FIGS. 12A-F respectively illustrate the power tool battery packs 1200, 1205, 1210, 1215,1220, and 1225. Each pack 12001-225 is configured to be received and charged by a power tool battery charger (e.g., one of the chargers 1100, 1105, and 1110). Each pack 1200-1225 is further configured to be received by provide power to a power tool. To be received by a charger or power tool, teach battery pack 1200-1225 may electrically and mechanically interface with the charger and (at a different time) with a power tool. In some examples, the power tool battery packs 1200 and 1205 have a first nominal voltage of approximately 18 volts, of between 16 volts and 22 volts, or another amount. In some examples, the power tool battery pack 1200 has a larger capacity than the pack 1205, generally providing a longer run time than the pack 1205 when operating under similar circumstances. To achieve additional capacity, the pack 1200 may include an additional set of battery cells relative to the pack 1205. For example, the pack 1205 may include a set of series-connected battery cells, while the battery pack 1205 may include two or more sets of series-connected battery cells, with each set being connected in parallel to the other set(s) of cells.

In some examples, the power tool battery packs 1210 and 1215 have a second nominal voltage of approximately 12 volts, of between 8 volts and 16 volts, or another amount. In some examples, the power tool battery pack 1210 has a larger capacity than the pack 1215, generally providing a longer run time than the pack 1215 when operating under similar circumstances. To achieve additional capacity, the pack 1210 may include an additional set of battery cells relative to the pack 1215. For example, the pack 1215 may include a set of series-connected battery cells, while the battery pack 1210 may include two or more sets of series-connected battery cells, with each set being connected in parallel to the other set(s) of cells.

In some examples, the power tool battery packs 1220 and 1225 have a third nominal voltage of approximately 72 volts, of between 60 volts and 90 volts, or another amount. In some examples, the power tool battery pack 1220 has a larger capacity than the pack 1225, generally providing a longer run time than the pack 1225 when operating under similar circumstances. To achieve additional capacity, the pack 1220 may include an additional set of battery cells relative to the pack 1225. For example, the pack 1225 may include a set of series-connected battery cells, while the battery pack 1220 may include two or more sets of series-connected battery cells, with each set being connected in parallel to the other set(s) of cells.

Accordingly, at least in some embodiments, the packs 1220 and 1225 have a higher nominal voltage than the packs 1200, 1205, 1210, and 1215, and the packs 1200 and 1205 have a higher nominal voltage than the packs 1210 and 1215.

It is to be understood that the disclosure is not limited in its application to the details of construction and the arrangement of components set forth in the following description or illustrated in the following drawings. The disclosure is capable of other embodiments and of being practiced or of being carried out in various ways. Also, it is to be understood that the phraseology and terminology used herein is for the purpose of description and should not be regarded as limiting. The use of “including,” “comprising,” or “having” and variations thereof herein is meant to encompass the items listed thereafter and equivalents thereof as well as additional items. Unless specified or limited otherwise, the terms “mounted,” “connected,” “supported,” and “coupled” and variations thereof are used broadly and encompass both direct and indirect mountings, connections, supports, and couplings. Further, “connected” and “coupled” are not restricted to physical or mechanical connections or couplings.
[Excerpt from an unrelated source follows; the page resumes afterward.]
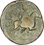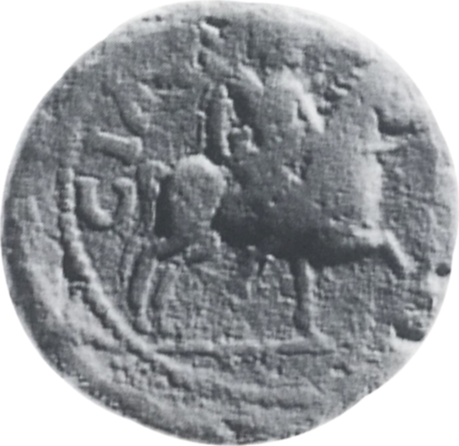 Mên on horseback riding right, crescent at shoulders

As used herein, unless otherwise limited or defined, discussion of particular directions is provided by example only, with regard to particular embodiments or relevant illustrations. For example, discussion of “top,” “front,” or “back” features is generally intended as a description only of the orientation of such features relative to a reference frame of a particular example or illustration. Correspondingly, for example, a “top” feature may sometimes be disposed below a “bottom” feature (and so on), in some arrangements or embodiments. Further, references to particular rotational or other movements (e.g., counterclockwise rotation) is generally intended as a description only of movement relative a reference frame of a particular example of illustration.

In some embodiments, including computerized implementations of methods according to the disclosure, can be implemented as a system, method, apparatus, or article of manufacture using standard programming or engineering techniques to produce software, firmware, hardware, or any combination thereof to control a processor device (e.g., a serial or parallel processor chip, a single- or multi-core chip, a microprocessor, a field programmable gate array, any variety of combinations of a control unit, arithmetic logic unit, and processor register, and so on), a computer (e.g., a processor device operatively coupled to a memory), or another electronically operated controller to implement aspects detailed herein. Accordingly, for example, embodiments of the disclosure can be implemented as a set of instructions, tangibly embodied on a non-transitory computer-readable media, such that a processor device can implement the instructions based upon reading the instructions from the computer-readable media. Some embodiments of the disclosure can include (or utilize) a control device such as an automation device, a computer including various computer hardware, software, firmware, and so on, consistent with the discussion below. As specific examples, a control device can include a processor, a microcontroller, a field-programmable gate array, a programmable logic controller, logic gates etc., and other typical components that are known in the art for implementation of appropriate functionality (e.g., memory, communication systems, power sources, user interfaces and other inputs, etc.). Also, functions performed by multiple components may be consolidated and performed by a single component. Similarly, the functions described herein as being performed by one component may be performed by multiple components in a distributed manner. Additionally, a component described as performing particular functionality may also perform additional functionality not described herein. For example, a device or structure that is “configured” in a certain way is configured in at least that way, but may also be configured in ways that are not listed.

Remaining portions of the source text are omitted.